*** Opening of Data shown ***
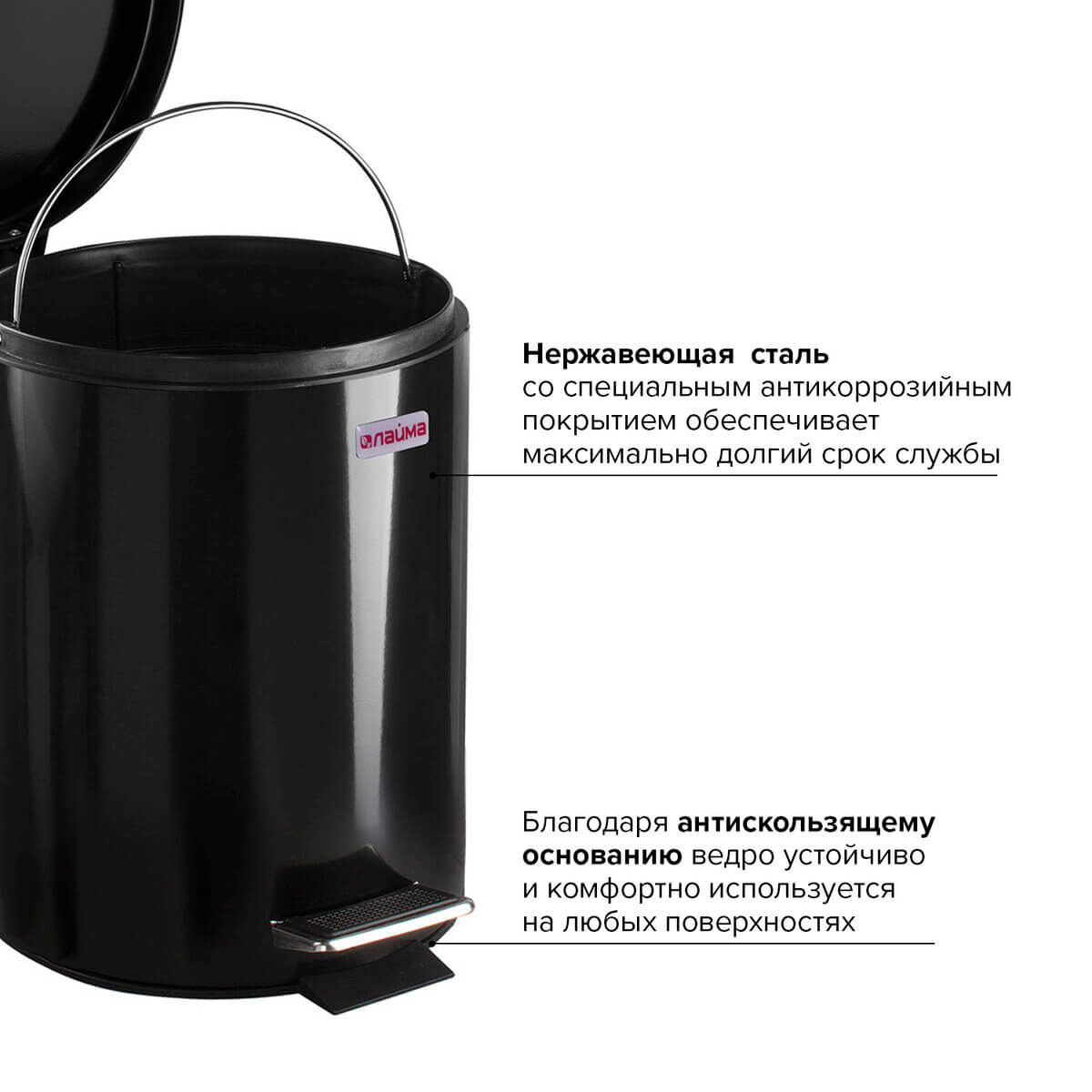 Ведро-контейнер для мусора (урна) с педалью LAIMA Classic, 5 л, черное, глянцевое, металл, со съемным внутренним ведром
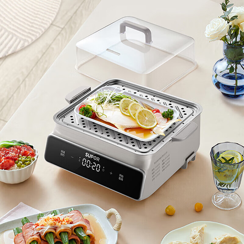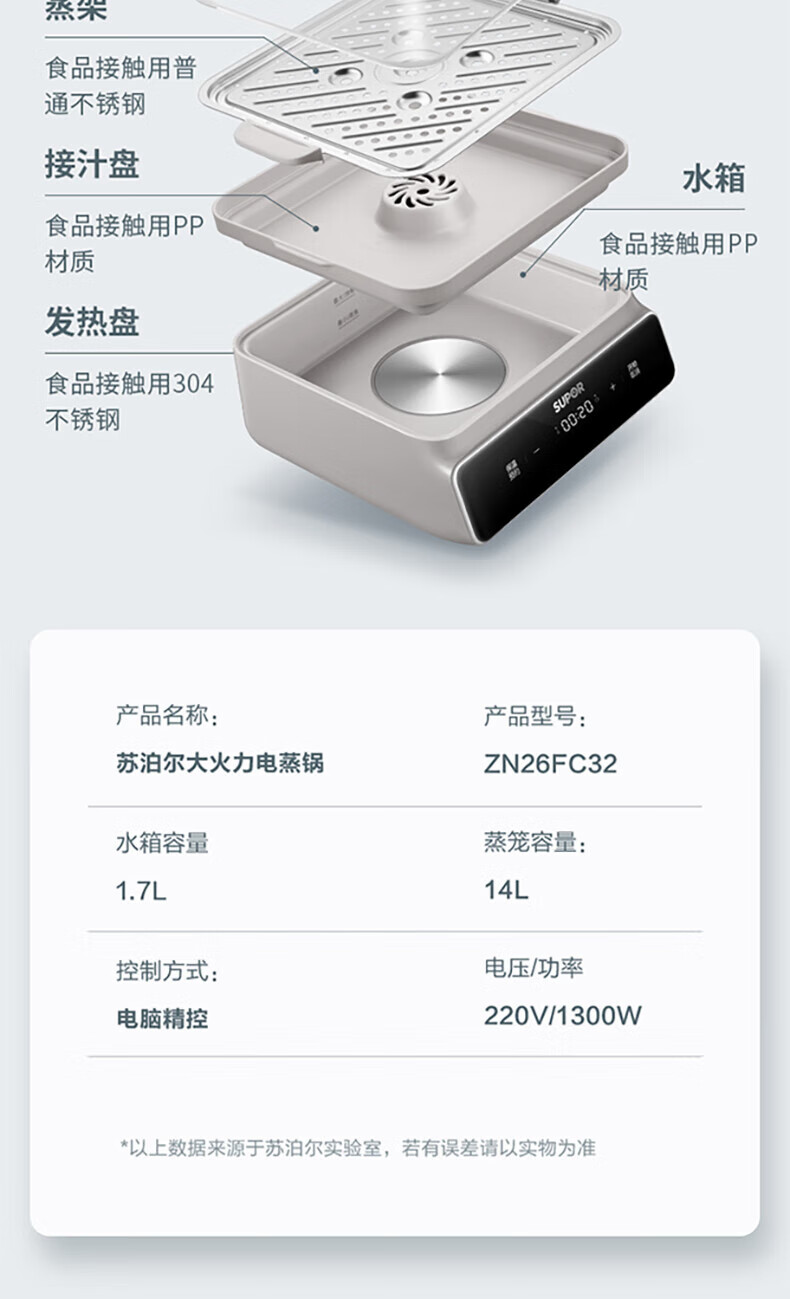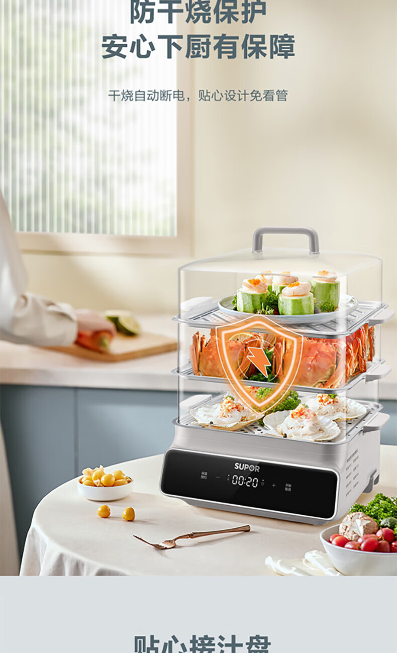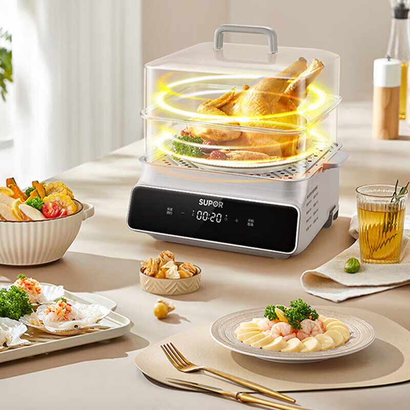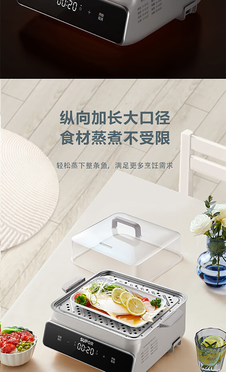• 商品名称:苏泊尔电蒸锅15.7L大容量家用多功能电蒸笼三层分体式可拆洗智能预约定时蒸锅带蒸盘蒸包子锅ZN26FC32 ZN26FC32/个
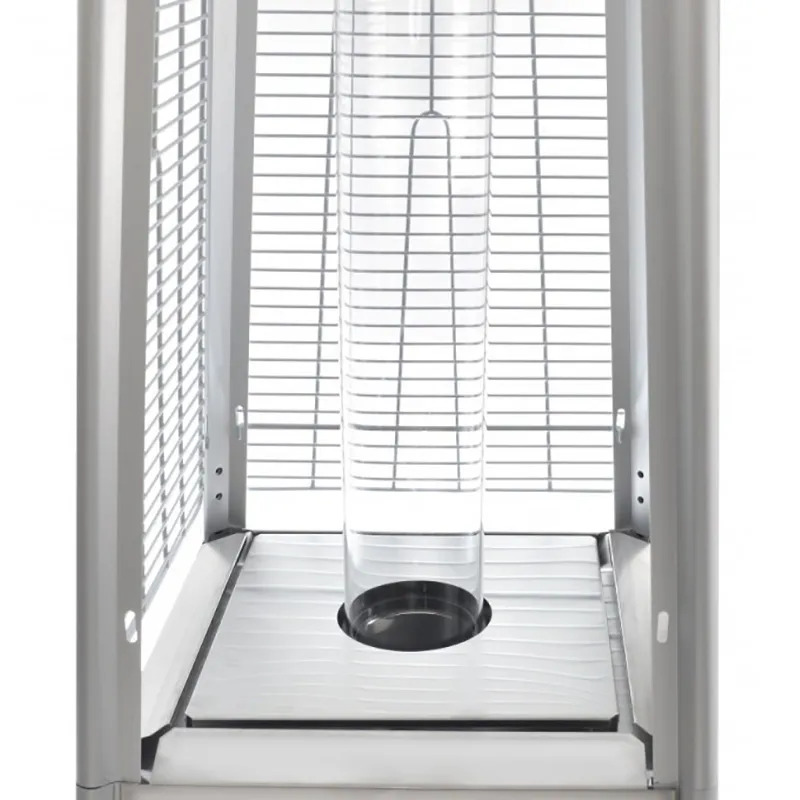 Уличный газовый обогреватель Ställeh Pyramid x 4 Steel, заказать который на нашем сайте можно недорого, представляет собой высокую четырехгранную пирамиду, сверху которой установлен цельноалюминиевый рефлектор-шляпка. Корпус прибора поделен на две части – нижнюю закрытую и верхнюю прозрачную. К основанию прикреплены колесики, обеспечивающие легкое передвижение обогревателя по ровной поверхности.
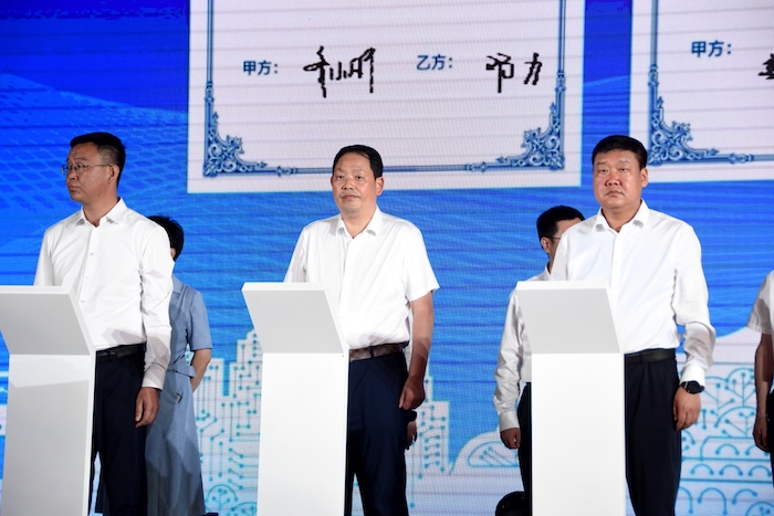 8月14日下午,第六屆絲綢之路國際博覽會暨中國東西部合作與投資貿(mào)易洽談會“新時代·新格局·新發(fā)展”延安市重點(diǎn)產(chǎn)業(yè)鏈招商推介會暨國力黃陵隆坊康養(yǎng)中心等項(xiàng)目集中簽約儀式在西安舉行。延安市委副書記、市長嚴(yán)漢平致辭。延安市政府副市長吳群英主持。國力集團(tuán)董事長鄧力、聯(lián)席總裁李彬元出席會議。
*** Close of Data shown ***
* _Work item_
Copy out every line of the material above exactly, skipping the pictures.

* _Response to the exercise_
 Ведро-контейнер для мусора (урна) с педалью LAIMA Classic, 5 л, черное, глянцевое, металл, со съемным внутренним ведром
• 商品名称:苏泊尔电蒸锅15.7L大容量家用多功能电蒸笼三层分体式可拆洗智能预约定时蒸锅带蒸盘蒸包子锅ZN26FC32 ZN26FC32/个
 Уличный газовый обогреватель Ställeh Pyramid x 4 Steel, заказать который на нашем сайте можно недорого, представляет собой высокую четырехгранную пирамиду, сверху которой установлен цельноалюминиевый рефлектор-шляпка. Корпус прибора поделен на две части – нижнюю закрытую и верхнюю прозрачную. К основанию прикреплены колесики, обеспечивающие легкое передвижение обогревателя по ровной поверхности.
 8月14日下午,第六屆絲綢之路國際博覽會暨中國東西部合作與投資貿(mào)易洽談會“新時代·新格局·新發(fā)展”延安市重點(diǎn)產(chǎn)業(yè)鏈招商推介會暨國力黃陵隆坊康養(yǎng)中心等項(xiàng)目集中簽約儀式在西安舉行。延安市委副書記、市長嚴(yán)漢平致辭。延安市政府副市長吳群英主持。國力集團(tuán)董事長鄧力、聯(lián)席總裁李彬元出席會議。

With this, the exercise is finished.